In the 1920s, Satyendra Nath Bose and Albert Einstein conceived of a new form of matter, which came to be known as the Bose-Einstein Condensate. A full explanation is beyond my pay grade, but in essence they put forth that, at extremely low temperatures, particles would begin acting less like individual pieces and more like a uniform wave. It’s what the high-level math said, anyway. At the time, few imagined that would ever be tested.

Wieman and Cornell saw things differently. Before that, however, it’s worth pausing for a quick refresher.

Temperature, for physicists, is a matter of particle behavior: when they are excited and moving rapidly, it’s called heat; when moving slower, it’s labeled cold.

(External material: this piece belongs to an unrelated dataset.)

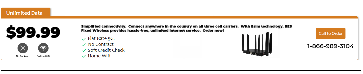BES Fixed Wireless uses signals from all three major cellular carriers (AT&T, Verizon, T-mobile) to provide WiFi and wired broadband internet to your home, RV or boat. BES Fixed Wireless is superior to hot spot or tethering with your smart phone because the BES MODEM is specifically designed to provide broadband internet service to multiple devices. Also, most phone data plans are designed for casual use and can only provide from five to ten GB of hotspot data usage per month. BES offers unlimited data plans with no contract or credit check required. In addition, BES offers a 14 Day No Risk Money Back Guarantee on hardware.*

Greater excitement means more energy and mutable bonds between particles, less excitement the opposite.

As an example, compare hot air balloons to ice. Heating air within a balloon reduces density relative to the air outside of it, increasing buoyancy. Ice is a matter of water molecules cooling until they create strong, crystalline structures. In both cases, temperature and corresponding properties result from how much energy is present among particles.

BEC Stanford

A CG graphic of the apparatus | credit: Stanford University

Wieman and Cornell ran with that concept. Through a complicated system of magnetic “traps” and lasers, they coaxed rubidium atoms into slowing more than had ever been observed (the traps corralled atoms in place; the lasers, along with evaporative cooling, counteracted particle movement). In 1995, after much refinement, that system led to creation of the first Bose-Einstein Condensate.

So then, their JILA lab housed the coldest spot in the universe, at 170 nanokelvin (meaning 1.7 x 10-7 Kelvin), as close to absolute zero as had been recorded. For scale, remember absolute zero—the theoretical point at which no particle energy is present—is 0 Kelvin, or −459.67 °F. The Condensate was astounding enough that Wieman, Cornell, and Wolfgang Ketterle (who was on the same track using sodium atoms) were awarded the Nobel Prize for Physics in 2001.

Evap2

The BEC forming | credit: ChemPRIME

As happens, others eventually surpassed that work. In 2003, a team at MIT reached a temperature of 450 picokelvin (equal to 4.5 x 10-12 Kelvin) in their lab. This pushed particles to such a low excitement state that Earth’s gravity became a stumbling point, so much so that, as of January 2014, NASA made plans to create a Condensate on the International Space Station. They hope to reach low temperatures somewhere between 100 and 1 picokelvin in the near future.

Though subsequent achievements are impressive, it all began with Wieman and Cornell’s breakthrough. For eight years, Boulder housed a spot edging on absolute zero, something the universe itself can’t produce naturally, as far as we know. Practical applications of the Condensate are still to come, but it’s no less awe-inspiring. Between 1995 and 2003, despite all the activity in our city, it was a small chamber in a laboratory on CU’s campus that had the most heat… non-scientifically speaking, of course.